Ground was broken after the 1969 season, and it opened in September 1970 with a capacity of 14,500. Subsequent expansions were completed in 1975 and 1997, and current capacity sits at around 37,000. In August 2010, the university unveiled a $100 million expansion plan for Bronco Stadium. The first stage will include: adding a new facility to the north endzone to house the football offices, weight room, training room, equipment room and locker room; removing the track; and adding a 13,200-seat grandstand behind the north endzone. Later stages include: lowering the field to add 3,300 seats; completing the south endzone horseshoe; building an east side skybox; and renovating the east concourse. Seating capacity for the fully expanded Bronco Stadium will exceed 55,000.

ExtraMile Arena 

Known as the "Boise State University Pavilion" until June 2004, and "Taco Bell Arena" between 2004 and 2019, ExtraMile Arena is home to BSU basketball, wrestling, women's gymnastics, community events, and several concerts each year. Opened  in May 1982, the arena seats 12,380 on three levels. It has hosted rounds one and two of the NCAA basketball tournament on eight occasions from 1983 to 2009, and the third and fourth rounds of the NCAA women's tournament in 2002.
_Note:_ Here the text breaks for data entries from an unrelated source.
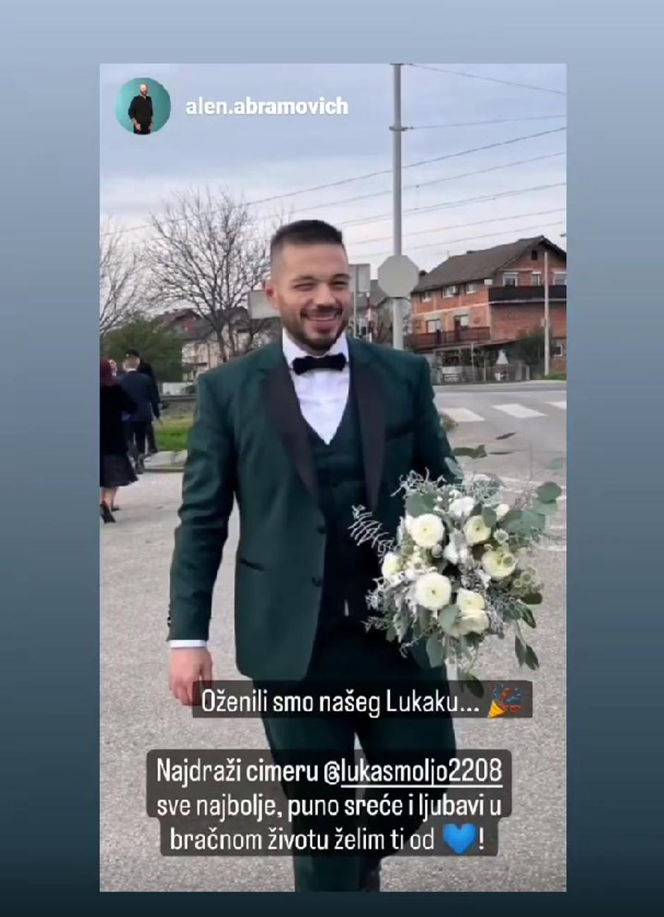 "Najdraži cimeru, želim ti sve najbolje, puno sreće i ljubavi u bračnom životu želim ti od srca", napisao je Alen u objavi na Insta Storyju.
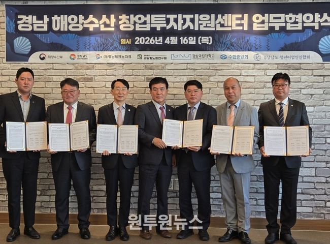 (원투원뉴스) 경상국립대학교 해양과학대학은 경상남도 해양수산 창업투자 활성화를 위해 4월 16일 경남테크노파그에서 경상남도, 경남테크노파크, 경남항노화연구원, 수협중앙회 경남본부, 경상남도 청년어업인연합회 등과 업무협약(MOU)을 체결했다.
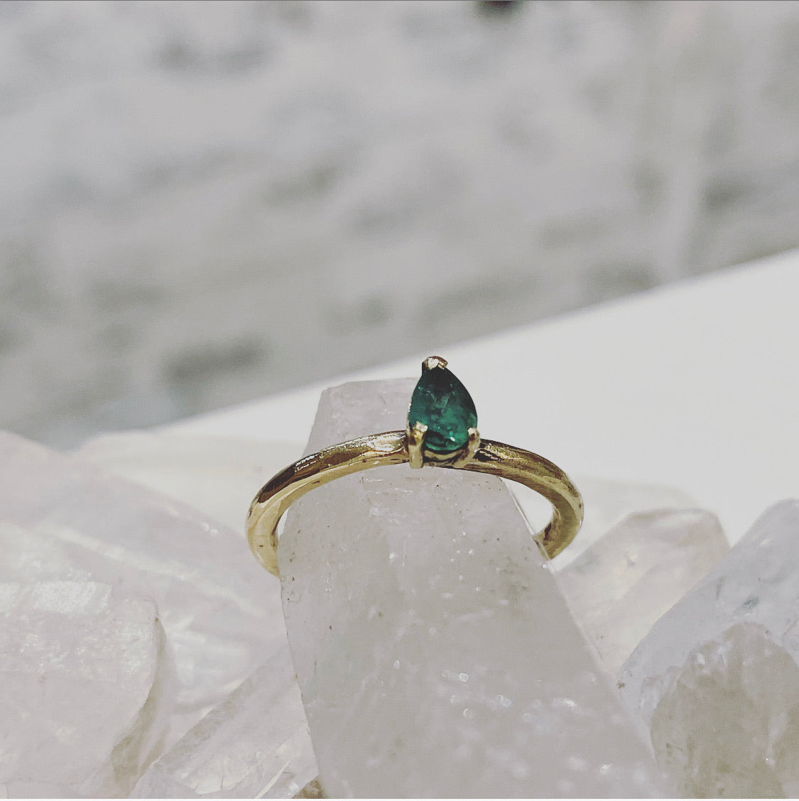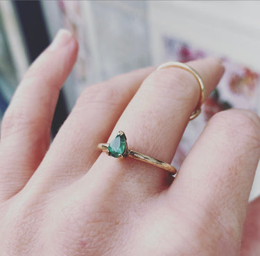 Handmade in 9ct gold this pear shape Emerald has a majestic feel to it.
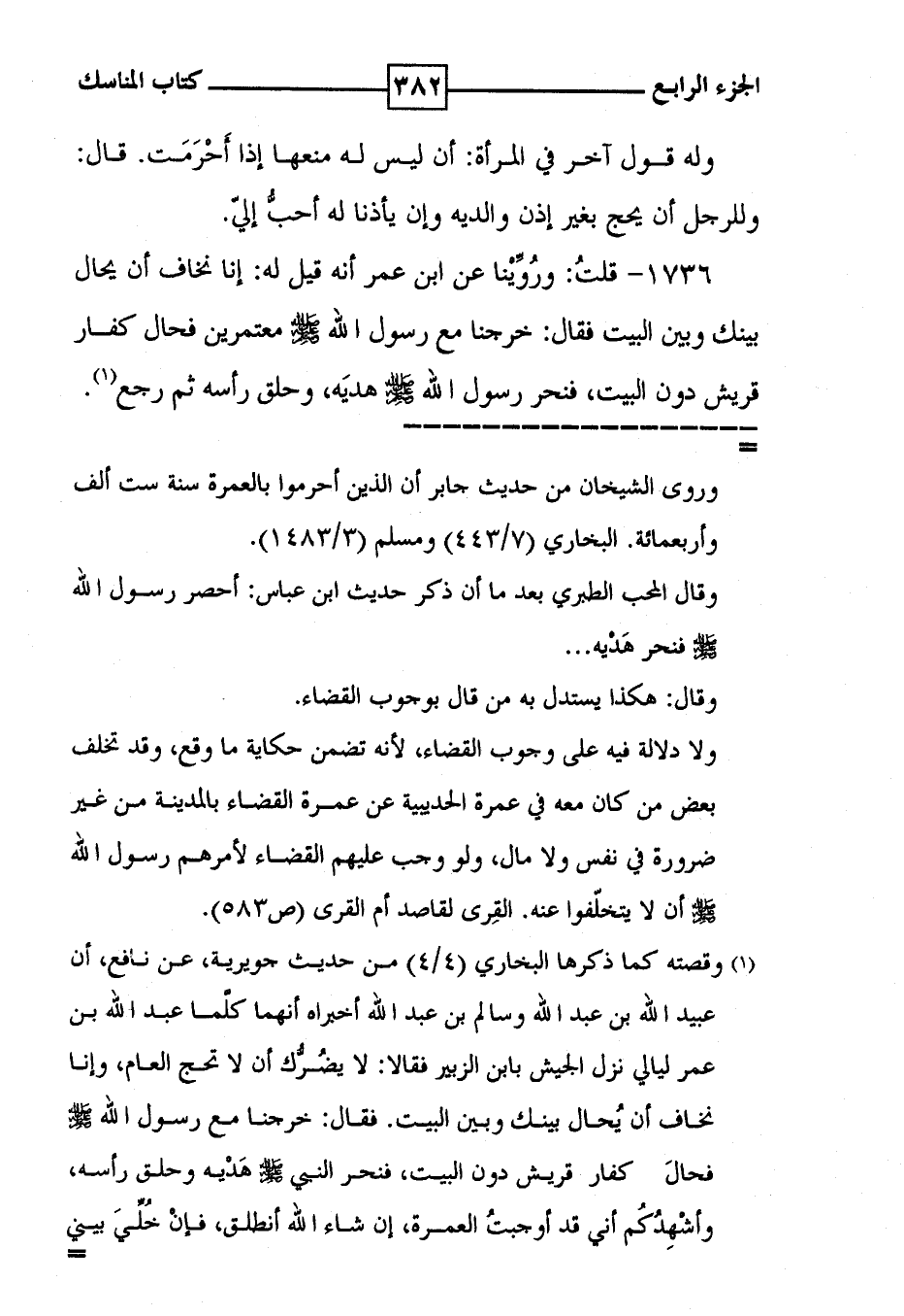 1736 - قلتُ : ورُوِّيْنا عن ابن عمر أنه قيل له : إنا نخاف أن يحال بينك وبين البيت فقال : خرجنا مع رسول الله معتمرين فحال كفار قريش دون البيت ، فنحر رسول الله هدَيه ، وحلق رأسه ثم رجع ( 1 ) .
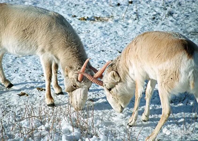 每年秋末冬初的时候,中亚地区的荒漠草原开始下雪,高鼻羚羊就会换上白色的冬装,开始一年一度的交配活动。
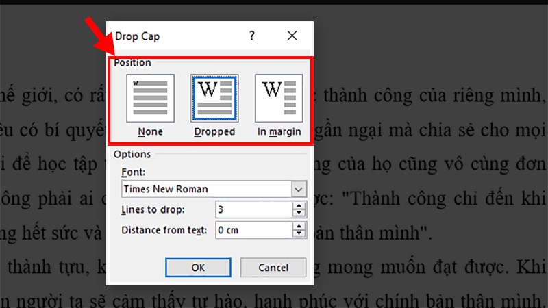 Bước 4: Tại phần Position, bạn có thể chọn vị trí mới cho Drop Cap.
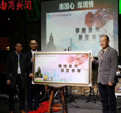 深圳校友会作为学校第一个成立的地方校友会,走过4载春秋,为联络南商校友情谊、促进深圳人才发展做出了积极的贡献。黎冬在致辞中介绍了学校如今的变化和发展,并畅谈了他与会的3点感受:第一,感受到了友谊的力量。校友之间基于共同的求学背景和文化熏陶,有着共同的精神传承和事业追求,相互沟通、相互携助,共同促进彼此事业成功,这是浓浓的同学情谊,深深的赤子情怀;第二,看到了校友快速的成长。南商校友尚且年轻,但短短几年,同学们成长得非常迅速,有的同学已是部门的主管经理,成了公司的能将;有的同学自立门户,成立了自己的公司,营运已顺利进入轨道;有的同学出国深造归来,有了更好的发展;第三,感受到了校友之间协作联动的巨大空间。他勉励大家继续以深圳校友会为平台,互帮互助,在新的一年里取得更好的成绩。同时,黎冬代表学校向校友们发出20周年校庆相约回家看看的邀请。
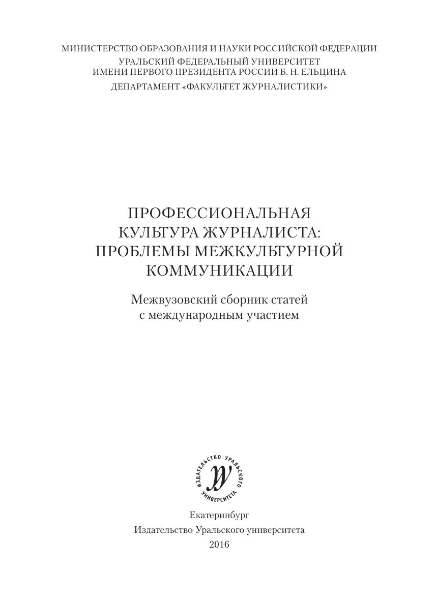 Профессиональная культура журналиста: проблемы межкультурной коммуникации : межвуз. сб. ст. с междунар. участием
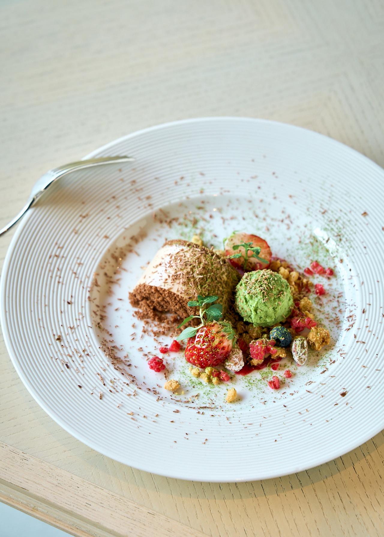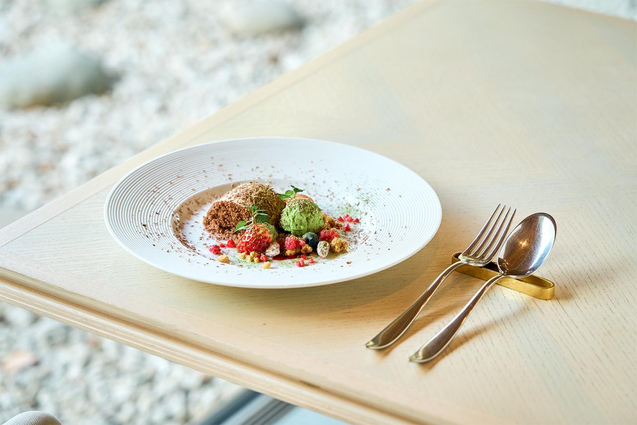 女性客に人気だというこのレストラン。デザートまで抜かりなく、キュンとする一皿が運ばれてきた。季節によって変わる内容は、やはりガーデンのような装い。写真は、プラリネとチョコレートのムース、抹茶アイス、フレッシュなフランボワーズなど、待ち遠しい春を思わせるようなプレートだった。
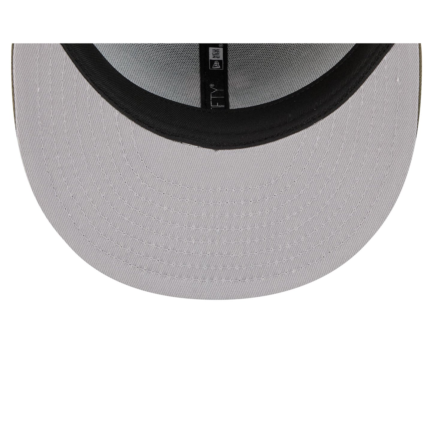 The Tecos 2 Laredos Olive 59FIFTY Fitted Cap features an embroidered Tecos logo at the front panels with a matching team wordmark at the rear and a gray undervisor.
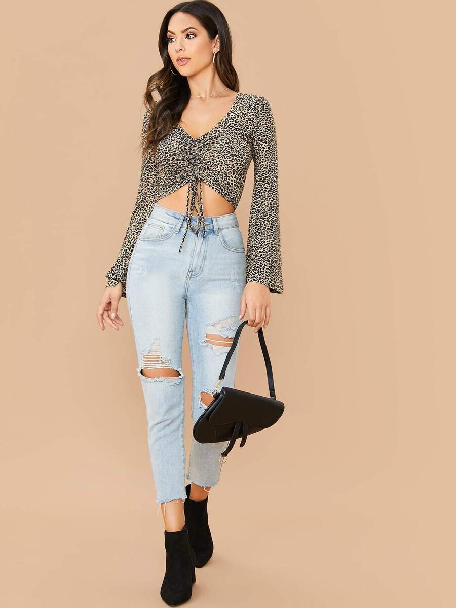 Bell Sleeve Ruched Drawstring Front Leopard Top
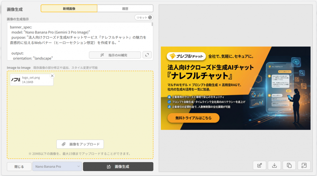 ナレフルチャットが、画像生成の最上位モデル「Nano Banana Pro」に対応〜日本語テキストを美しく表現する画像生成AIで、ビジネス資料やデザイン制作を革新〜
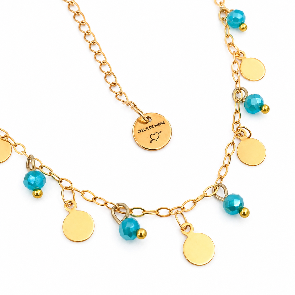Collier composé d'une chaîne à petits maillons et médaillons dorés en acier inoxydable, orné de perles de verre turquoise facettées. Ajustable avec chaîne d'extension. Création unique Coeur de Hippie.

The construction of the pavilion began in February 1980 on the site of the tennis courts and a portion of the BSU baseball field. The Bronco baseball team played their home games in 1980 at Borah Field (now Bill Wigle Field) at Borah High School,  and the program was discontinued that May. The tennis courts were rebuilt immediately west of the arena, on the former baseball field (infield & right field).

Student life

Boise State's enrollment for the 2020-21 year was 24,103 students, with approximately 66 percent Idaho residents. Boise State University has the largest graduate enrollment in Idaho. More than 90 percent of Boise State's first-year students come directly from high school.

Housing 
Boise State is considered a commuter school, due to more than 86% of its students living off campus. The dominant form of school-supported housing are co-ed residence halls.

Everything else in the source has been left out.